The Challenge Millesime Bio was established in 2007 by Sudvinbio winegrowers. It is the world’s largest organic wine festival and the Millésime Bio Fair’s official contest. Over 1,600 organic wines are presented from around the world with 1,612 wines from 13 countries in 2020.

Recent events have been chaired by:

 2019: Philippe Faure Brac
 2020: Jean Luc Rabanel
 2021: (in totally digital format), Andrew Jefford.

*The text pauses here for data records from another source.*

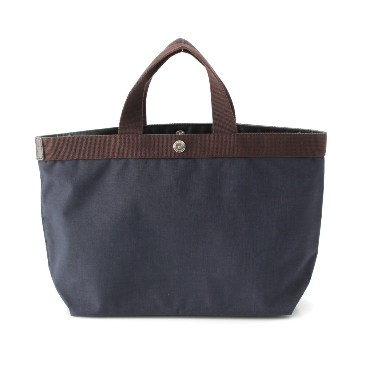 エルベ・シャプリエ Herve Chapelier スクエア 704C キャンバス ハンドバッグ ネイビー ブラウン ミディアム【中古】【正規品保証】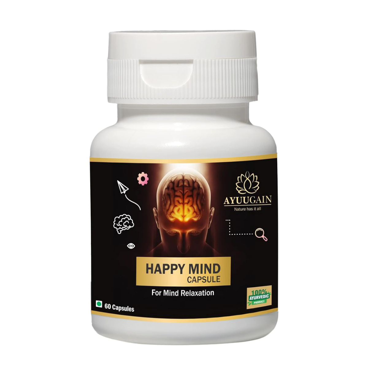 Happy Mind is Ayuugain’s product that help in brain related issues like, weak memory, stress and anxiety issues.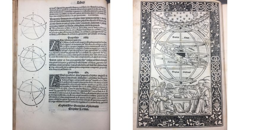 Marginal diagrams and full page woodcut illustration. Epytoma Joannis de Monte Regio in Almagestum Ptolome by Joannes Regiomontanus (Venice, 1496) RIA SR 24 F 19.

Some of the recent award winners include:

 2011: Paco Morales and  Pepe Rodríguez Rey
 2012: Gold Medal Special Jury Award Winner (Timo Dienhart for Edition Bee – Beetle Dry Riesling, 2010 Vintage), Philippe Goulley for Simone Tremblay, AOP Chablis Premier Cru Fourchame, 2009 Vintage, Fanny Monbouché for AOP Monbazillac 2009 Vintage and Pascal Fraychet for AOC Baux de Provence Red 2007 Vintage
 2013: (20th anniversary): Gold Medal to Figure Libre Cabernet Franc 2011
 2018: Domaine Gayda Chemin de Moscou 2015
 2019: Chapelle de Novilis, Evolus White 2016
 2020: Golden Award for Cuvée Sous la Croix.